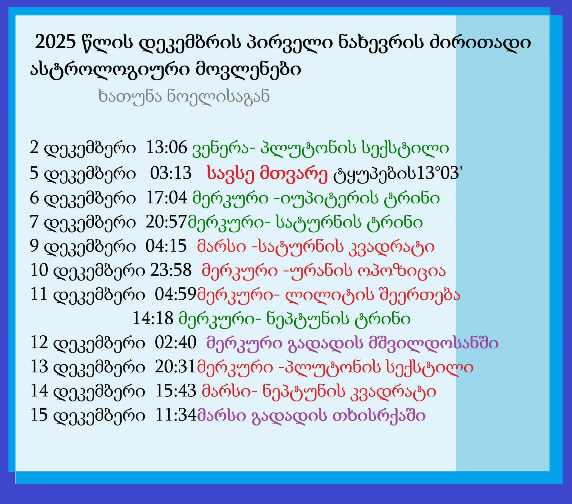 „2025 წლის დეკემბრის პირველი ნახევრის ძირითადი ასტროლოგიური მოვლენები ხათუნა ნოელისგან.
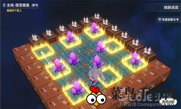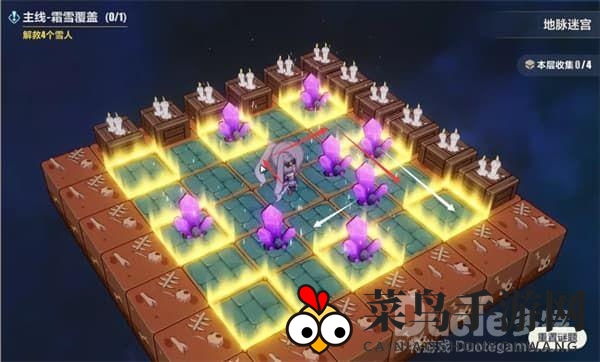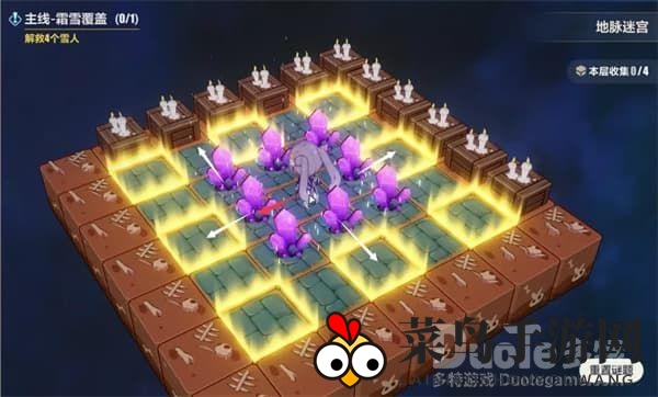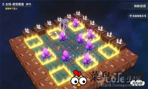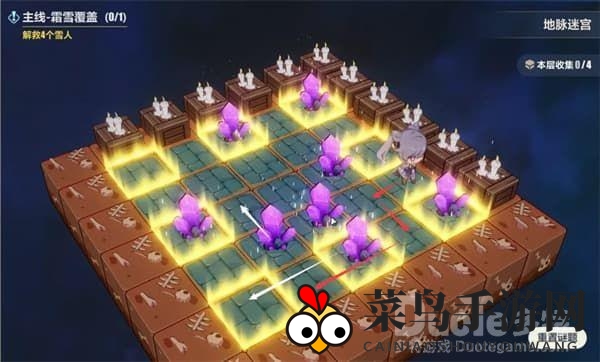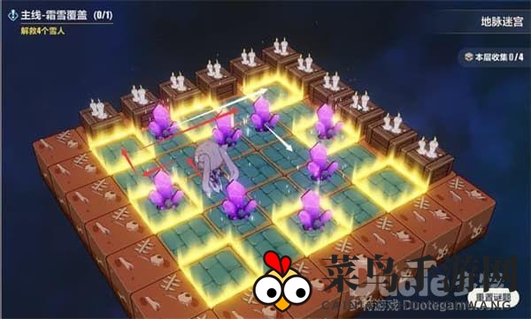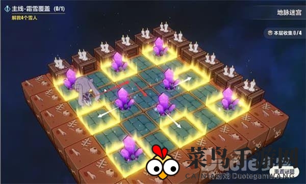 通过传送门来到这里,击败小怪、解救雪人等都不难,我们直接进入雪人身后的地脉迷宫,一共七步就能解开推箱子的谜题,注意以下步骤:白色箭头标识晶体移动路线,红色箭头标识人物移动路线,请按照我的步骤进行。
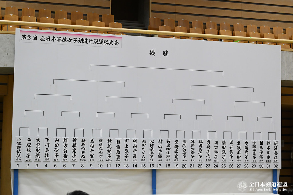 本大会は昨年から始まった「女子剣道七段戦」で、七段を取得した国内外の女性剣士32名が選出され、トーナメント形式で優勝を目指します。

================================

■ Exercise instructions
Retype, word for word, only the lines from the line with "通过传送门来到这里,击败小怪" to the final line of the listing above; the pictures do not belong in the copy.

■ Expected answer
 通过传送门来到这里,击败小怪、解救雪人等都不难,我们直接进入雪人身后的地脉迷宫,一共七步就能解开推箱子的谜题,注意以下步骤:白色箭头标识晶体移动路线,红色箭头标识人物移动路线,请按照我的步骤进行。
 本大会は昨年から始まった「女子剣道七段戦」で、七段を取得した国内外の女性剣士32名が選出され、トーナメント形式で優勝を目指します。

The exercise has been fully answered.